About this exercise —
What you return must match, exactly, the lines running from the one containing "Затем мы аккуратно" to the end of the data, both included, and must contain no pictures.

[Opening Given information section]

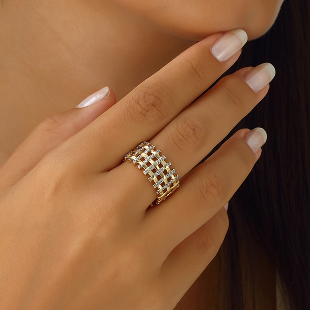 Anel folheado a ouro fino - Zircões
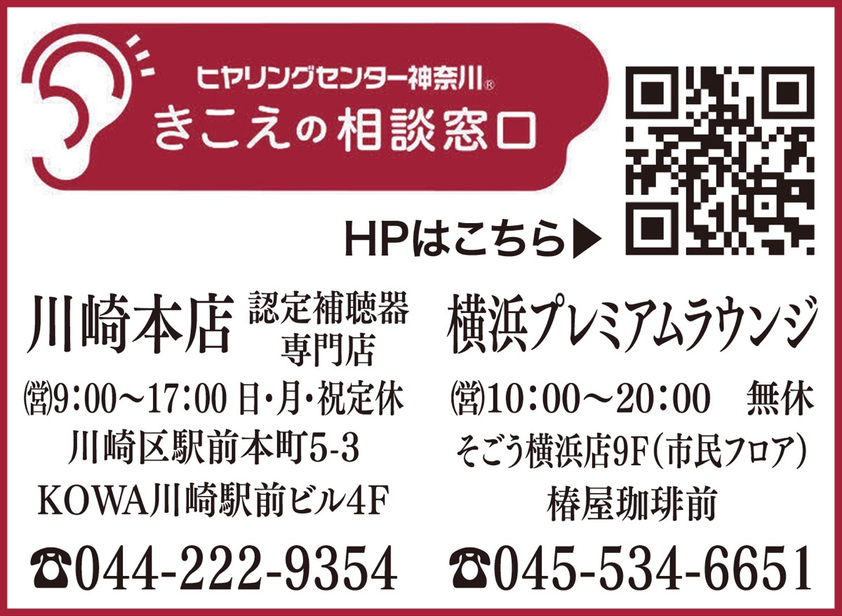 創業36周年を迎えるヒヤリングセンター神奈川は、川崎駅前(川崎本店)、そごう横浜店9F(横浜プレミアムラウンジ)に店を構える補聴器専門店。どちらも駅から徒歩3分の好立地で、認定補聴器技能者資格を持つスタッフが在籍中。
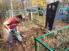 Затем мы аккуратно сняли само надгробье с постамента, после чего смогли свободно работать на участке.
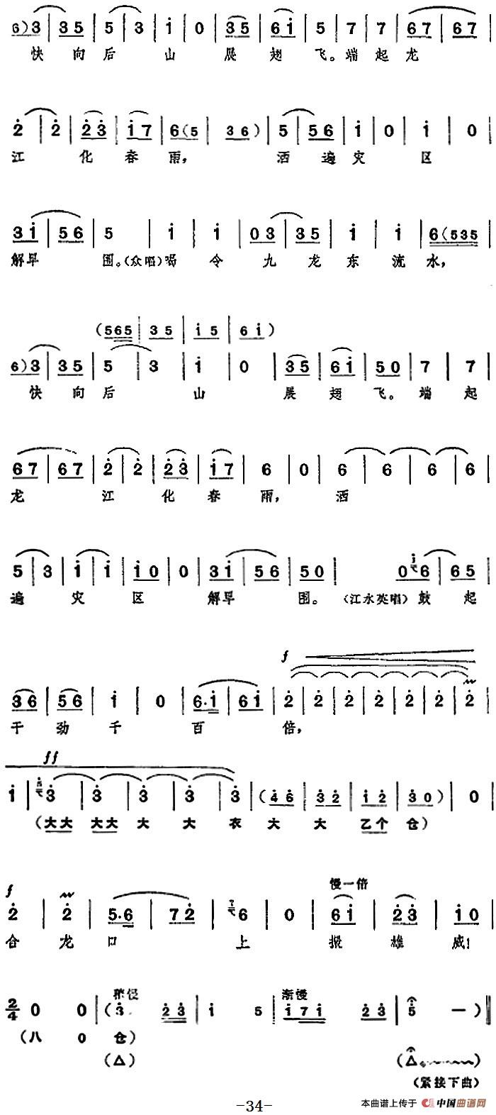 革命现代京剧《龙江颂》全剧主旋律乐谱之第五场 抢险合龙

[Closing Given information section]

Output of the task —
 Затем мы аккуратно сняли само надгробье с постамента, после чего смогли свободно работать на участке.
 革命现代京剧《龙江颂》全剧主旋律乐谱之第五场 抢险合龙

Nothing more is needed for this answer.